Para la Biblia, ángeles son todos los mediadores de la salvación divina, tanto en el cielo como en la tierra –al interno de la comunidad cristiana– y que tienen la misión de hacer consciencia a cada uno de la condición en la cual se encuentra e invitan a mirar su propia vida, no según la visión del mundo, sino en vista al éxito (vida eterna) o fracaso (condena eterna) de la misma, a la luz del Evangelio (Job 1,14; Lc 7,24).
En relación a los ángeles del cielo, el Catecismo de la Iglesia Católica afirma que “en tanto que son criaturas puramente espirituales, tienen inteligencia y voluntad” (330). Esta idea hace acopio a miles de años de tradición bíblica y teológica respecto a la existencia de un ángel o ángeles que quisieron, por decisión propia, apartarse de la presencia de Dios y de sus compañeros. Este “pecado” o “caída” de estos ángeles (2P 2,4) crea, junto a la caída del hombre, la primera rebeldía voluntaria contra Dios (Gén 3,1) y así la Demonología formará parte de la Biblia, desde la Creación.
En relación a los “ángeles caídos”, la personificación de Satanás (nombrado 37 veces) o el Diablo (citado 36 veces) en el Nuevo Testamento, aparece con otros nombres como: el Enemigo (Mc 1,13); el Maligno (Mt 13,19); el Tentador (Mt 4,1-11); el Príncipe de este mundo (Jn 12,31); Belzebul (Mt 12,24); el Mentiroso y Homicida (Jn 8,44).
En atención al Pecado Original y la existencia del mal, la Iglesia desde sus orígenes ha practicado el exorcismo, llegando a introducirlo en el Rito del Sacramento del Bautismo.
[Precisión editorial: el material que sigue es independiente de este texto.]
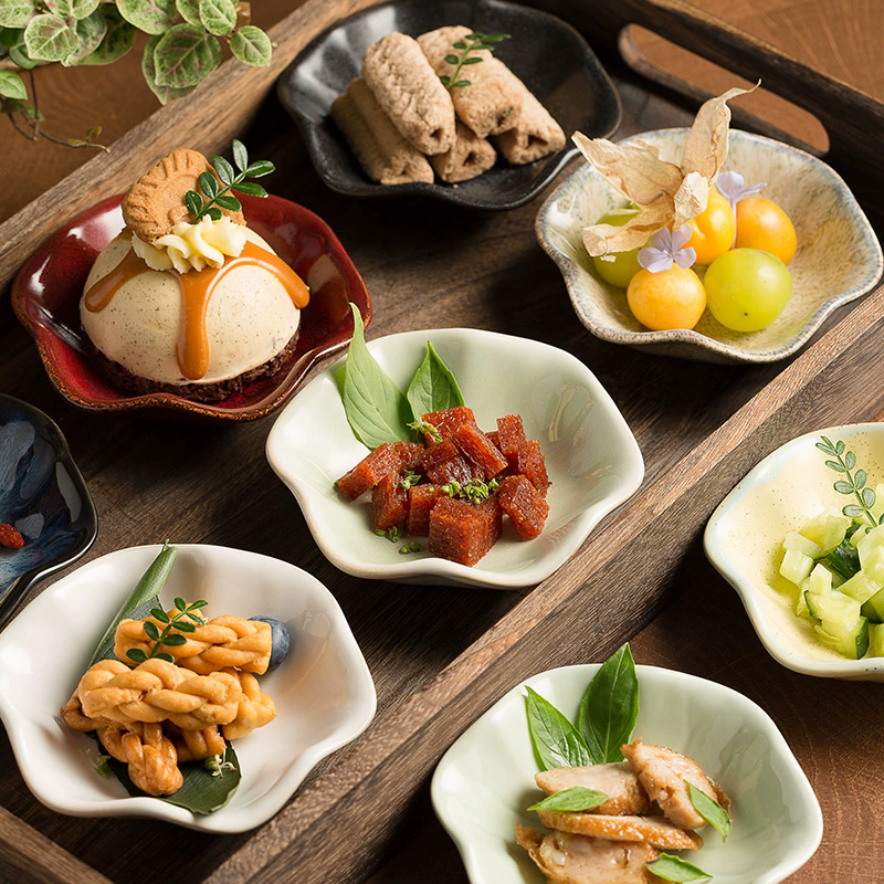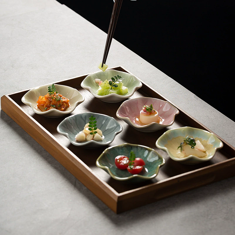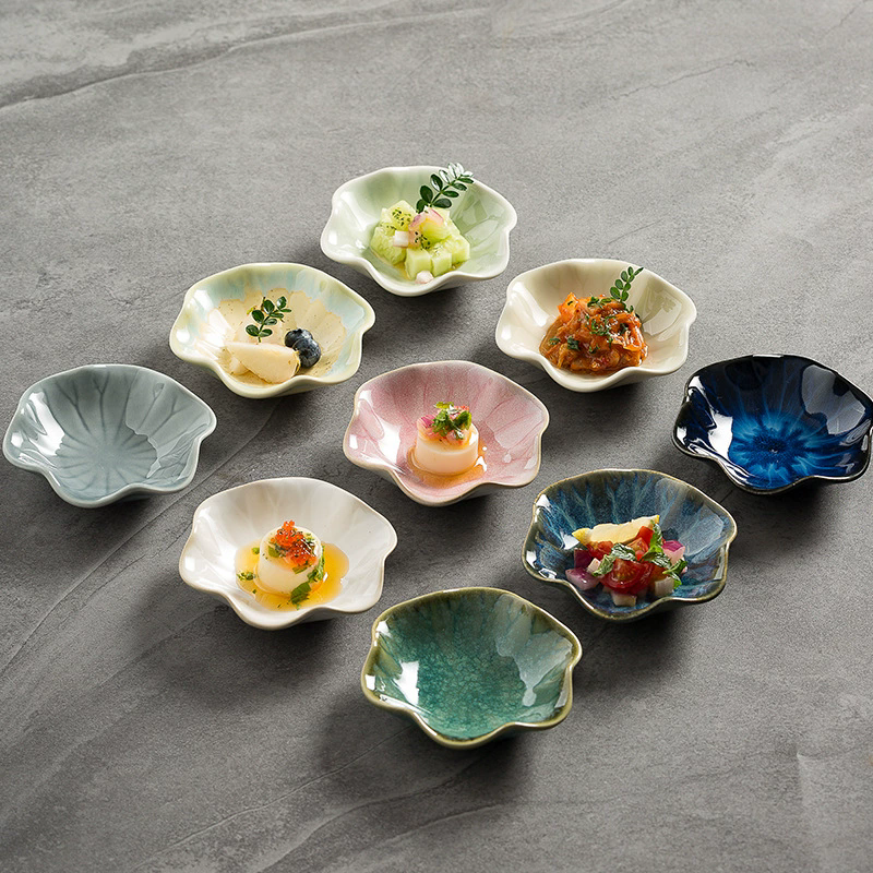 Nom du produit:Mini-assiette à dessert en forme de fleur petits plats en céramique

Los Concilios de Braga, Portugal, (561) y Letrán IV, Italia, (1215) recuerdan que el Diablo fue creado por Dios en un estado excelente y él mismo se hizo malo (Catecismo, 391). Gregorio Nancianceno (329-389) vio en la culpa del Diablo un pecado de orgullo y San Agustín (354-430) lo define como un empedernido en el mal; para Hugo de san Víctor (1096-1141) el orgullo del Diablo fue la voluntad de hacerse igual a Dios (Gén 3,5); Santo Tomás de Aquino (1224-1274) dirá que Dios somete toda creatura a la prueba de la tentación, sin embargo, le asegura la gracia para resistir, de modo que, el Diablo no puede hacer nada contra la voluntad y la mente de la persona, si ésta no lo permite, debido a que, en su libertad, puede rechazarlo. Asimismo, el Diablo, en su perversión se hundió en la infelicidad y el sufrimiento espiritual al rechazar, libre y voluntariamente, el bien, la gracia y al amor de Dios; por eso, Satanás todo lo transforma en oscuridad y odio.
El fuego del infierno es el dolor tormentoso que mutila la excelencia y gracia en la que fue creada la persona, ofusca su voluntad e impide la relación con Dios. En los tiempos modernos la existencia del Diablo ha sido relegada a una visión supersticiosa, novelesca y poética y, más que negar su existencia, no se le teme.
Es necesario convencernos de lo que nos dice el Catecismo de la Iglesia Católica, 395, de que “el poder de Satán no es infinito. No es más que una criatura, poderosa por el hecho de ser espíritu puro, pero siempre criatura: no puede impedir la edificación del Reino de Dios… El que Dios permita la actividad diabólica es un gran misterio, pero «nosotros sabemos que en todas las cosas interviene Dios para bien de los que le ama» (Rm 8,28)” y, por tanto, a pesar de tanto mal, el bien triunfará en el mundo.